The Rocket — February 22, 1980

Record Review
Review by Kevin Scher
The Rocket — Friday, February 22, 1980

Every now and then a recording artist of relatively scarce popularity puts out an album that vaults him over the wall of obscurity and lands him as a true rock-and-roll star. So is the case with Tom Petty and the Heartbreakers.

His latest album, Damn the Torpedoes, has sent Petty hurdling into the public eye. His recent appearance on “Saturday Night Live,” rockering record sales, and the album’s position in the upper slots of the record charts, illustrates T.P.’s sudden acceptance and popularity.

The main reason for Tom Petty and the Heartbreakers’ sudden success is their impressive new album, Damn the Torpedoes. Within the album lies a brand of some very catchy, convincing rock-and-roll. The songs grow on you quickly and maintain their vibrant, fresh sound time after time.

The propelling force behind Torpedoes is Petty’s dynamic vocals. He is truly one of the finest rock-and-roll vocalists to emerge in years. There is a vast improvement in his vocal abilities over his previous albums. His four-octave range gives the album a crisp, relentless tone throughout, as each song draws a slightly different Petty interpretion. His accentuation, feel, and timing is superb.

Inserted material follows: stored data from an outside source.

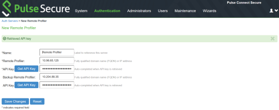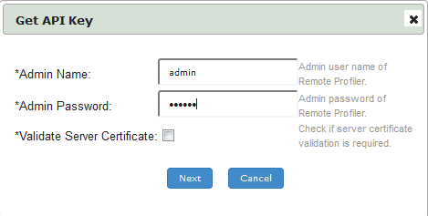 5.Click Get API Key. In the Get API Key window, provide the credentials of valid administrator on IPS/Profiler server and click Next. The API key generates and displays in the API Key field.
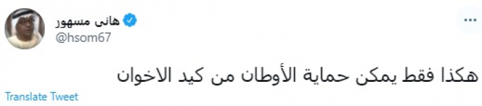 وقال في تغريدة عبر "تويتر" رصدها "المشهد العربي": "هكذا فقط يمكن حماية الأوطان من كيد الإخوان".
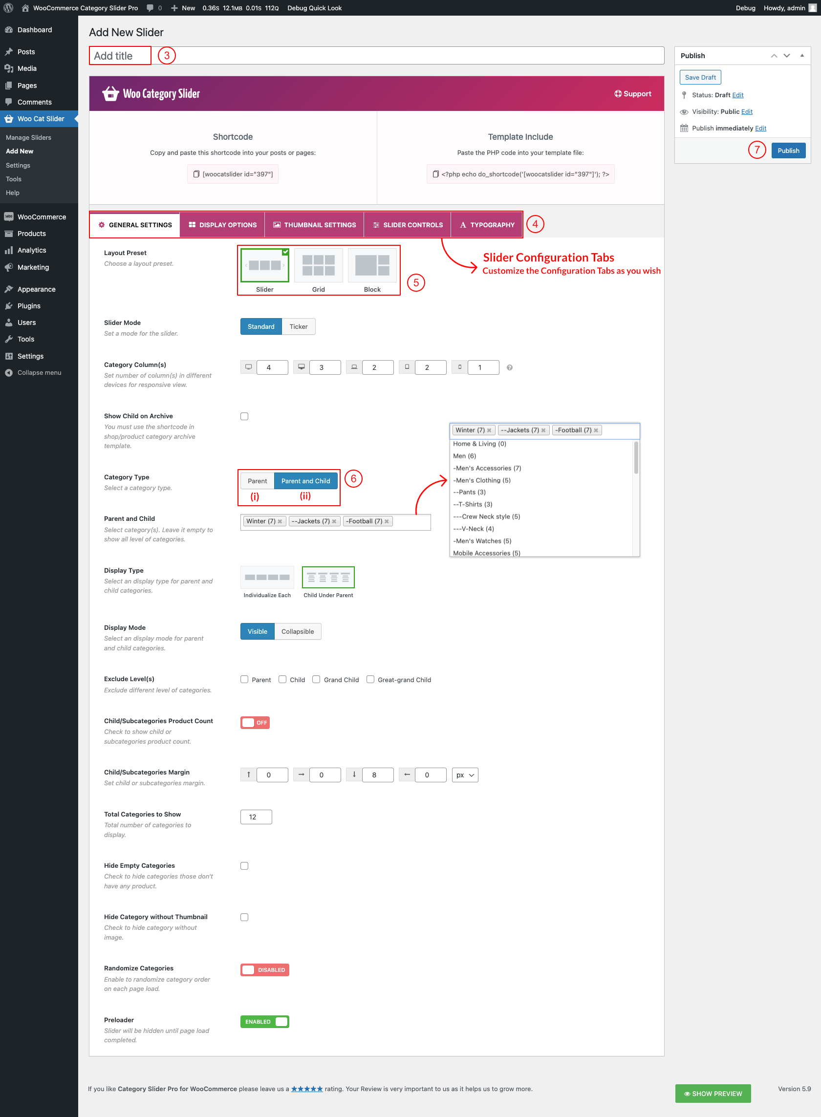 (4) Customize Slider Configuration Tabs as per your needs or wish.
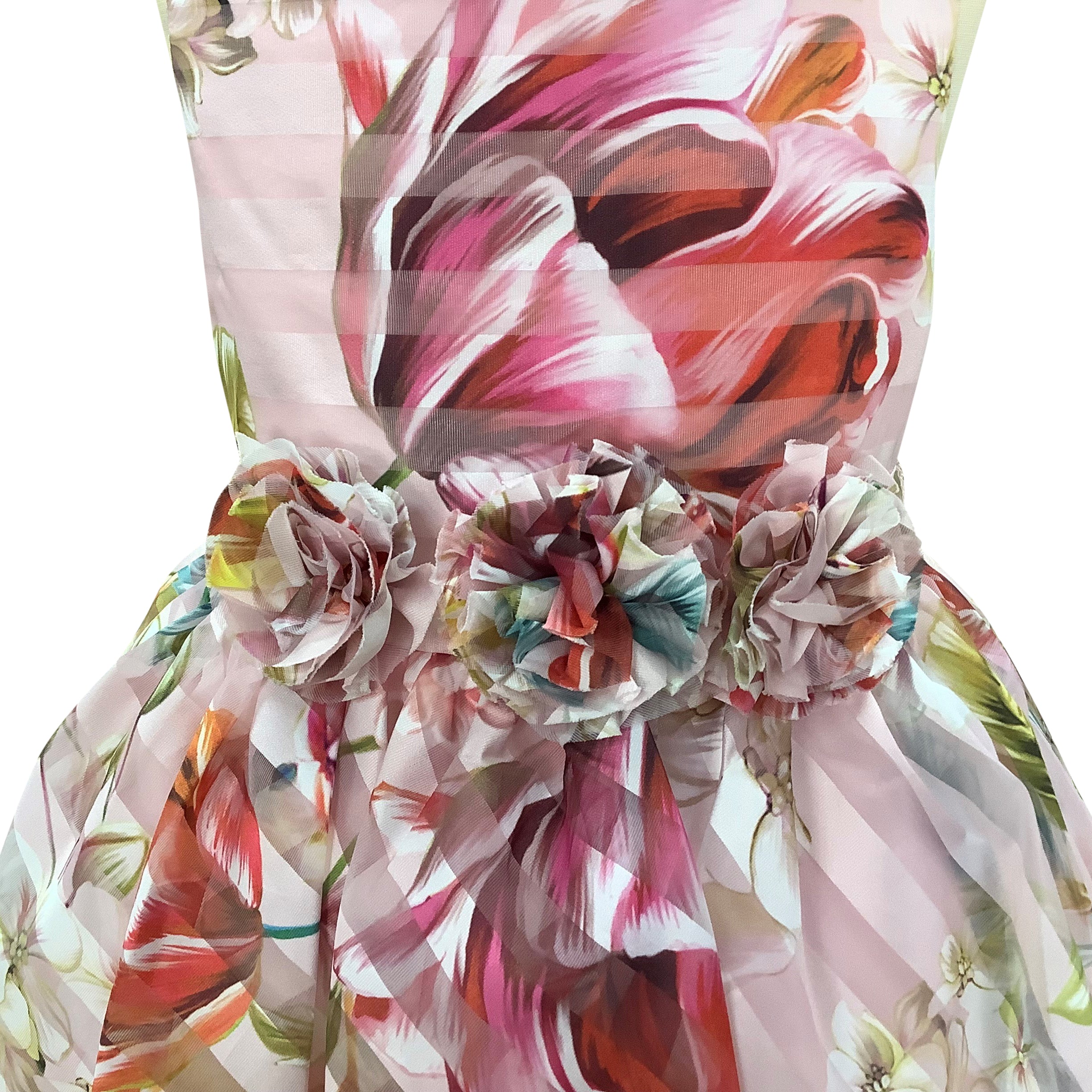 This stunning David Charles dress will make your little girl look like a fairytale princess. The delicate pale pink satin fabric is adorned with a beautiful floral design, creating a unique and eye-catching look. The round neck and sleeveless style is perfect for summer days, while the waist ribbon and concealed zip fastening add a classic touch. The delicate corsages and flowers at the front waist add a luxurious feel to the dress, while the lined design ensures a comfortable fit. Perfect for special occasions, your little girl will look and feel like a princess in this elegant dress. SPECIFICATIONS:
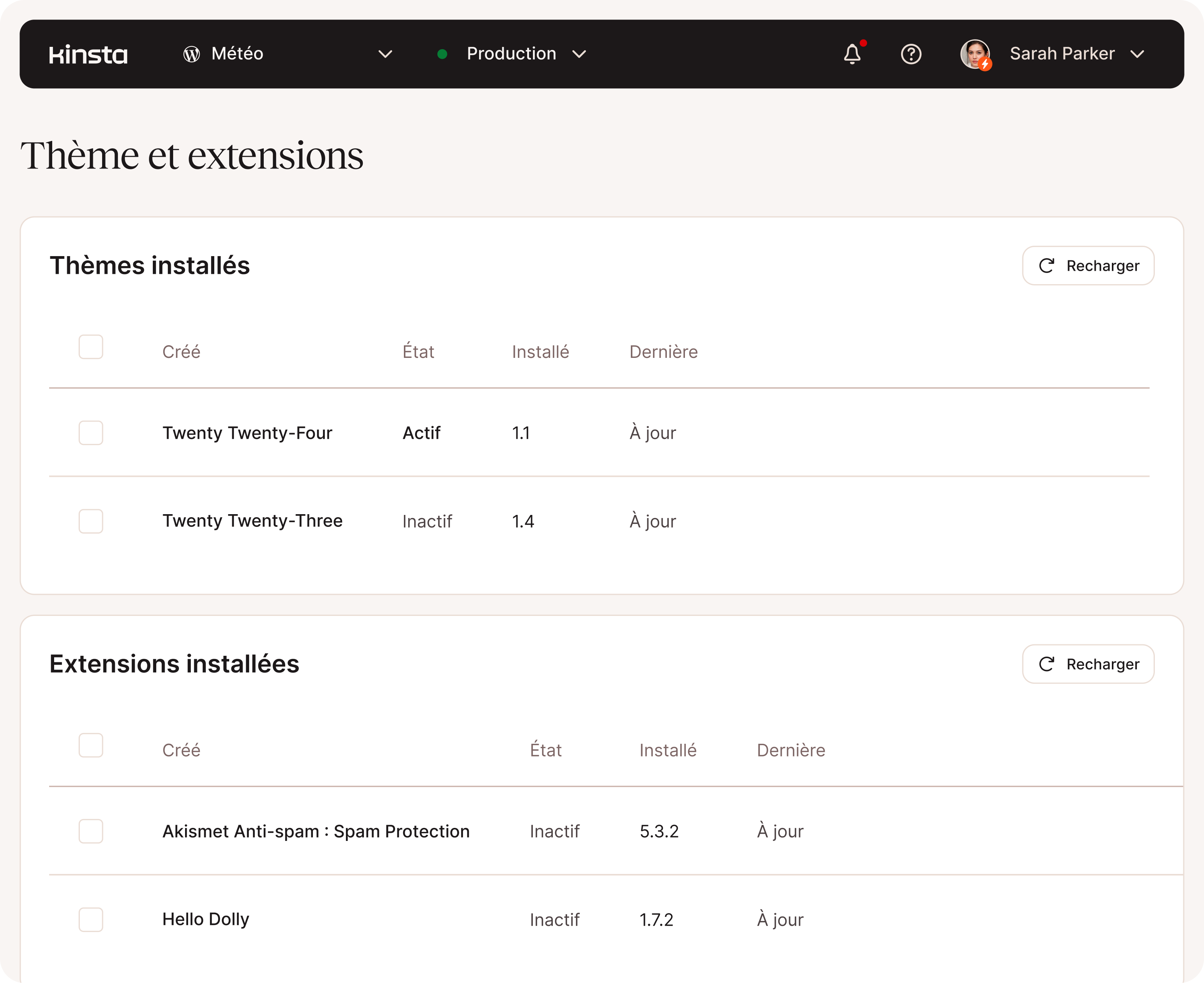 - Mettre à jour les extensions/thèmes sans quitter MyKinsta
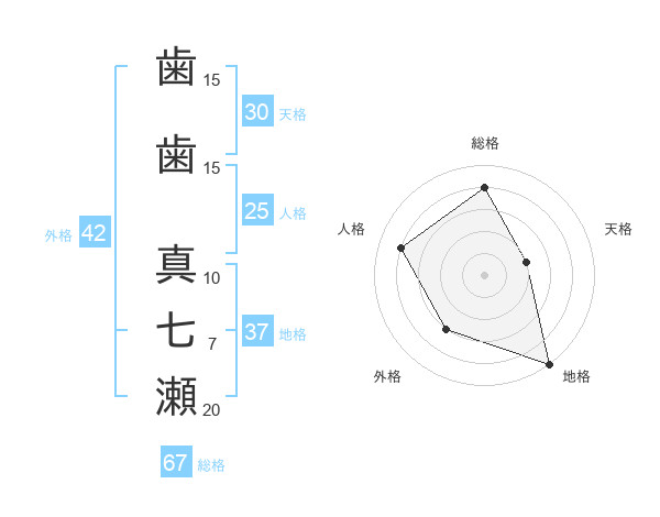 歯歯 真七瀬さんの天格は30画の2点!
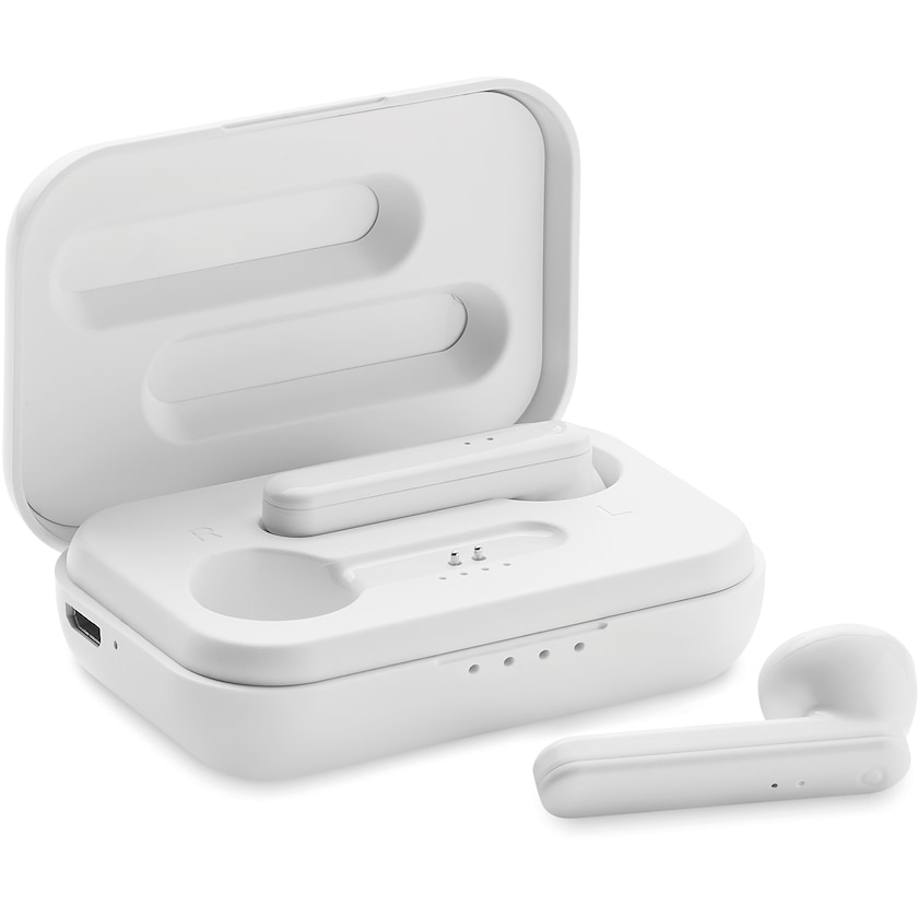 Kabellose Kopfhörer inklusive smarter Ladestation. Ein Mikro-USB-Kabel geht in den Kauf mit ein. Die Betriebszeit beläuft sich auf 3 Stunden.
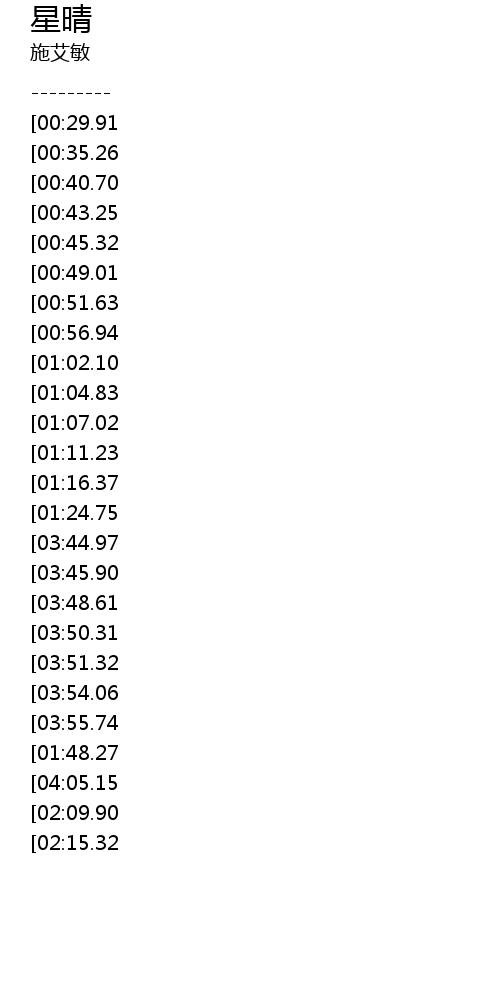 | [04:11.91][03:50.31][01:59.88][01:38.26] | 看星星 |
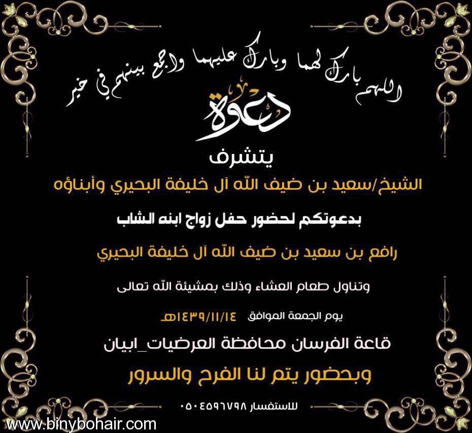 دعوة ..."عويضة بن احمد القرني" يدعوكم لحضور زواج ابنه " محسن "1439/4/4 بالقاعة الذهبية بجدة | علي بن قحمان القرني | أفراح وتهاني بني بحير بلقرن | 2 | 12-06-2017 05:08 AM |
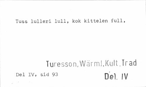 //// Tuss lulleri lull, kok kittelen full, //// Turesson, Wärml, Kylt. Irad //// Del IV, sid 93 g^-j jy ////
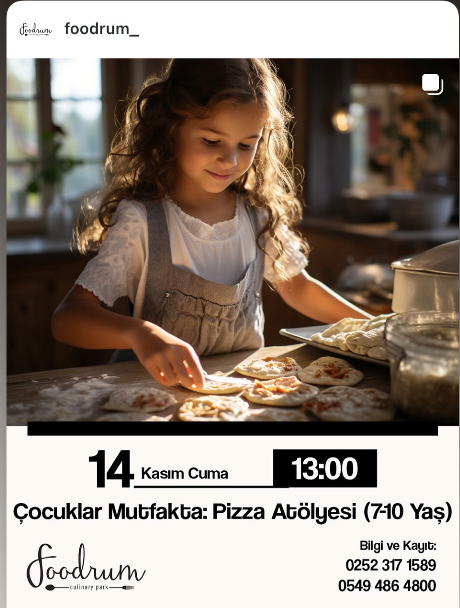 Bodrum’un minik gurmeleri fırın başına! Foodrum Culinary Park, çocukların mutfakla eğlenceli bir şekilde tanışmasını sağlayan popüler serisi “Çocuklar Mutfakta” kapsamında, lezzet dolu bir Pizza Atölyesi düzenliyor. 7-10 yaş grubuna özel hazırlanan bu etkinlik, 14 Kasım Cuma günü saat 13:00’da gerçekleşecek.
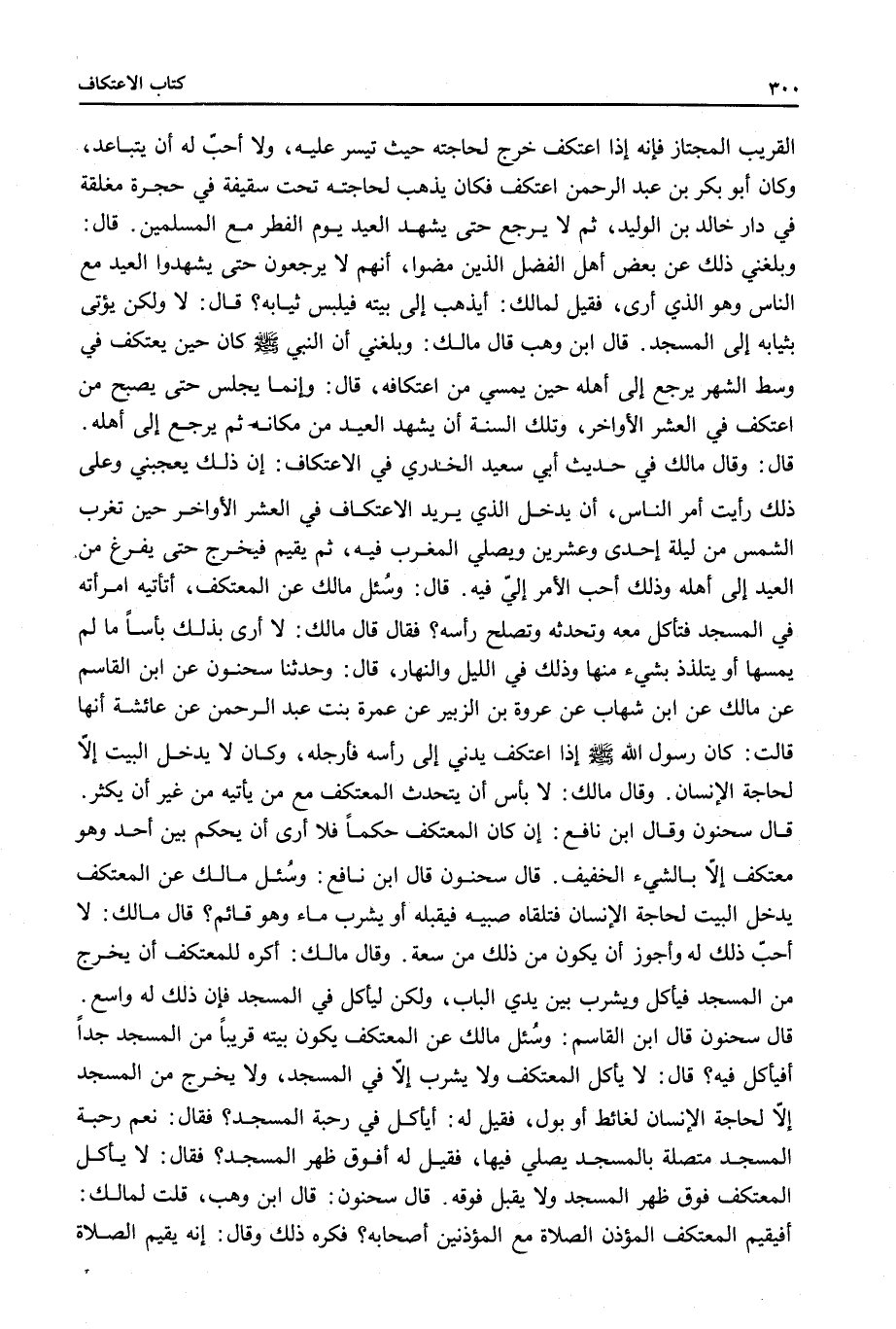 قَالَ: وَسُئِلَ مَالِكٌ عَنْ الْمُعْتَكِفِ، أَتَأْتِيهِ امْرَأَتُهُ فِي الْمَسْجِدِ فَتَأْكُلُ مَعَهُ وَتُحَدِّثُهُ وَتُصْلِحُ رَأْسَهُ؟ فَقَالَ قَالَ مَالِكٌ: لَا أَرَى بِذَلِكَ بَأْسًا مَا لَمْ يَمَسَّهَا أَوْ يَتَلَذَّذْ بِشَيْءٍ مِنْهَا وَذَلِكَ فِي اللَّيْلِ وَالنَّهَارِ، قَالَ: وَحَدَّثَنَا سَحْنُونٌ عَنْ ابْنِ الْقَاسِمِ عَنْ مَالِكٍ عَنْ ابْنِ شِهَابٍ عَنْ عُرْوَةَ بْنِ الزُّبَيْرِ عَنْ عَمْرَةَ بِنْتِ عَبْدِ الرَّحْمَنِ عَنْ عَائِشَةَ أَنَّهَا قَالَتْ: «كَانَ رَسُولُ اللَّهِ - صَلَّى اللَّهُ عَلَيْهِ وَسَلَّمَ - إذَا اعْتَكَفَ يُدْنِي إلَيَّ رَأْسَهُ فَأُرَجِّلُهُ، وَكَانَ لَا يَدْخُلُ الْبَيْتَ إلَّا لِحَاجَةِ الْإِنْسَانِ» . وَقَالَ مَالِكٌ: لَا بَأْسَ أَنْ يَتَحَدَّثَ الْمُعْتَكِفُ مَعَ مَنْ يَأْتِيهِ مِنْ غَيْرِ أَنْ يُكْثِرَ.
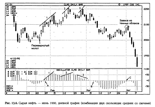 На отрезках 1 и 2 рост цен сопровождался увеличением положительной разности между коротким и длинным скользящими средними. Значит короткое скользящее среднее растет быстрее длинного, что ясно указывает на продолжение восходящей тенденции. Отрезок 3 — это период осложнений на рынке. Подъем на 0,50 долл., который начался 23 февраля, отразился в сокращении разности между скользящими средними. Это говорит об ослаблении темпа короткого скользящего среднего. Если учесть образование завесы из темных облаков, то совокупность этих признаков указывает на возможность ценового отката. Из гистограммы также видно, когда короткое скользящее среднее пересекает длинное снизу вверх, а когда — сверху вниз. В первом случае гистограмма поднимается выше нулевой отметки, во втором — опускается ниже. Таким образом, если показатель осциллятора меньше О, то налицо медвежий мертвый крест; а если больше, то это бычий золотой крест. В области А наблюдался золотой крест, а за несколько дней до него — бычий перевернутый молот. В области В был мертвый крест. В области С цены росли, но короткое скользящее среднее так и не сумело подняться выше длинного (т.е. осциллятор оставался ниже О). Кроме того, с образованием 2 и 3 апреля завесы из темных облаков прозвучал еще один медвежий сигнал.

As far as the musical content of Damn the Torpedoes is concerned, the Heartbreakers have it all sewn up. You can feel the energy that the group radiates on almost every cut. However, the album is missing one sorely needed element. There are absolutely no guitar solos on the entire album. There are several songs that are just crying out for a screaming guitar solo. This is particularly true on the romantic rocker, “Here Comes My Girk,” and the speedy “Century City.” Still, whatever is missing in solos is compensated for by the Heartbreakers’ unison, tightness, and Petty’s ripping vocals.

Tom Petty and the Heartbreakers have reached the high plateau of mass-accepted new wave that only few bands such as the “Cars” and “Blondie” have achieved. Damn the Torpedoes gets a solid 8 on my scale of 10. You can resrt assured that “Tom Petty and the Heartbreakers” will be around for a long, long time giving us plenty of great music in the years to come.